Polymerase Chain Reaction for Detection of Mastitis Pathogens

Der Praktische Tierarzt 94, 1096-1100

© Schlütersche Verlagsgesellschaft mbH & Co. KG. 2014

Publiziert: 01/2014

Zusammenfassung

Die PCR kann sowohl die Gattung des jeweiligen Mastitiserregers wie zum Beispiel Staphylococcus spp. als auch Spezies wie Staphylococcus aureus sensitiv und rasch nachweisen. Toxin- und Virulenzgene der Erreger wie die Enterotoxin- Gene von Staphylococcus aureus sind ebenfalls rasch erfassbar. Schwer kultivierbare, langsam wachsende und von einer Behandlung gehemmte Erreger können auch im nicht spezialisierten Labor nachgewiesen werden. Mit der Real-Time-PCR ist die Menge des Erregers quantifizierbar. Die Screening-Untersuchungen von Sammelmilchproben lassen Schätzungen auf den Anteil der infizierten Kühe eines Bestandes zu. Trotz des erfolgreichen Nachweises mittels PCR muss die Anzucht des Erregers jedoch für die Erstellung eines Antibiogramms nachgeholt werden.
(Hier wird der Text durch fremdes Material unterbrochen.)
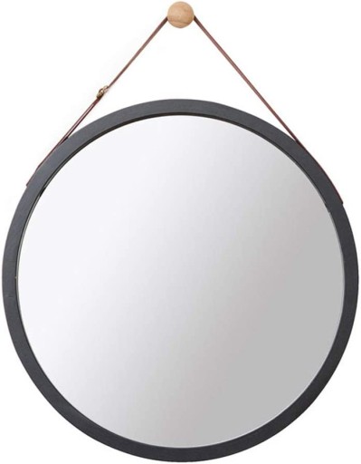 LUSTRO ŚCIENNE METALOWE NA PASKU W METALOWEJ RAMIE OKRĄGŁE CZARNE 45CM LOFT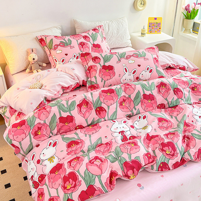 商品名称:乐童2024新款网红直播爆款吊边+一字绣工艺款四件套(六)郁金香小兔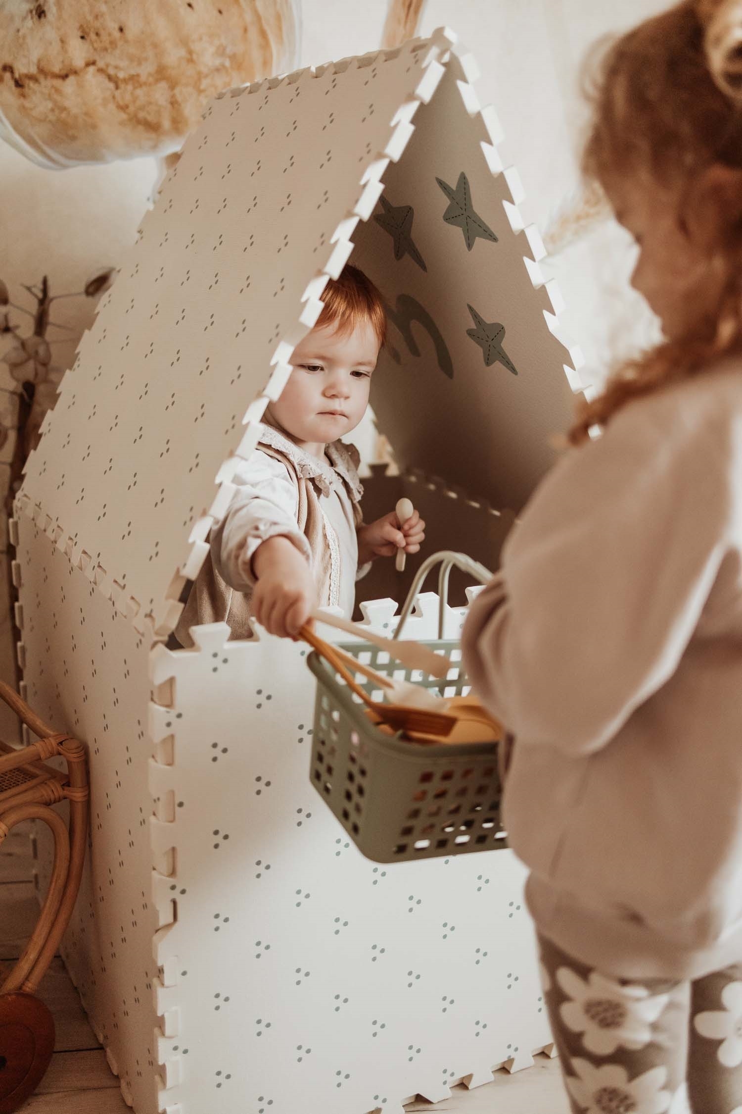 - dwustronna mata piankowa, pudełko na zabawki i domek do zabawy 3 w 1,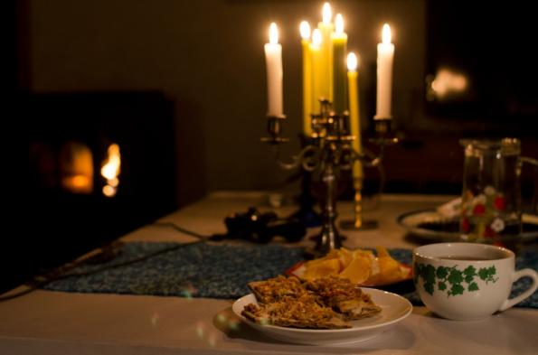 Spent the evening eating good food, getting warm under blankets, drinking tea and playing videogames in front of the crackling fireplace.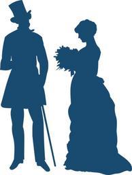 Keywords: gentleman lady victorian bouquet couple friendship love man old-fashioned silhouette toilet woman blue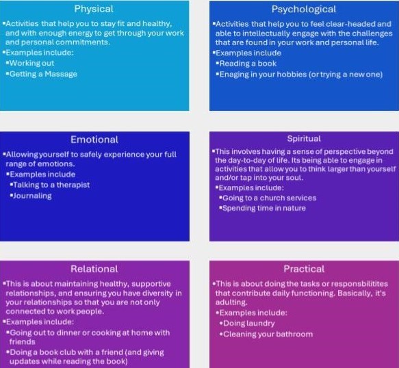 - We explored 6 forms of self-care (more to come on these in the future):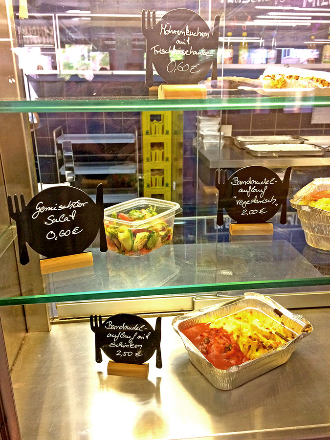 Neben kleinen Snacks und Getränken wird auch „Essen to go“ angeboten. Wer sich noch für einen Salat und eine Nachspeise entscheidet, hat sogar ein „Menü to go“. Und das ist alles selbstgemacht – by EFS (Emil-Fischer-Schüler/-innen).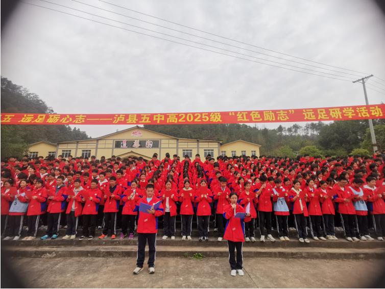 出征仪式在庄重而热烈的氛围中拉开了帷幕。泸县第五中学副校长刘勋蓝作了动员讲话,激励学子们在远足中磨砺意志、超越自我;该校副校长刘刚就安全事项作重点强调;年级主任古登华解读远足研学活动方案,该校学生代表张佳欣作安全承诺,字字铿锵;领誓人徐彬带领全体同学高举右拳,庄严宣誓:“奋进‘十五五’,远足砺心志!用脚步丈量信念,用汗水浇灌青春!”誓言响彻校园,激荡着每一颗年轻的心。

Derzeit wird mit der Anzucht, die auch weniger Kosten verursacht, noch ein größeres Erregerspektrum erfasst. Die Durchführung einer PCR nach einem erfolglosen Anzuchtversuch von Milchproben klinisch kranker Kühe oder deren auf eine subklinische Mastitis hinweisende Zellzahl könnte eine alternative Vorgangsweise darstellen. Die Etablierung von PCR-Methoden, die zuerst die Gattungen der Erreger erfassen, könnte die Suche nach der jeweiligen Spezies vereinfachen. In der Routinediagnostik bestehen Einsatzmöglichkeiten für die PCR in einer möglichen Ergänzung der Mastitisdiagnostik. Diese kann zur Verkürzung der Bearbeitungszeit bei einer akuten Mastitis, als Screening auf kontagiöse Erreger bei kuhassoziierten Mastitiden, zum Nachweis bei schwer anzüchtbaren Erregern, zur weiteren Identifizierung kultureller Isolate oder zu deren Typisierung erfolgen. Für den direkten Nachweis von Mastitiserregern aus der Viertelanfangsgemelksprobe gelten weltweit die konventionellen mikrobiologischen Methoden als Gold-Standard.

Summary

PCR enables both the sensitive and rapid detection of respective species of each mastitis pathogen, such as Staphylococcus spp., and of species like Staphylococcus aureus. Furthermore, toxin and virulence genes such as enterotoxin genes of Staphylococcus aureus can be detected rapidly. Hard-to-cultivate, slow-growing pathogens which are inhibited by a treatment may also be detected in a non-specialized laboratory. With real-time PCR the amount of pathogens can be quantified. Screening tests of bulk milk samples allow for estimates of the proportion of infected cows of a herd. For an antibiogram, however, the pathogen needs to be cultivated, despite successful detection with PCR. Currently, cultivation,
which is also less expensive, covers a larger pathogen spectrum. An alternative approach might be to carry out a PCR after an unsuccessful attempt of cultivation from milk samples of clinically ill cows or samples whose cell counts indicate subclinical mastitis. The development of PCR methods which first detect pathogen genera could facilitate the search for each species. In routine diagnostics, PCR could be used as a possible supplement in mastitis diagnostics. PCR can be carried out to shorten the processing time in cases of acute mastitis, as screening for contagious pathogens in cow-associated mastitises, to detect hard-to-cultivate pathogens, and for further identification of cultural isolates or their typing. For the direct detection of mastitis pathogens in initial quarter milk samples the conventional microbiological methods are known worldwide as gold standard.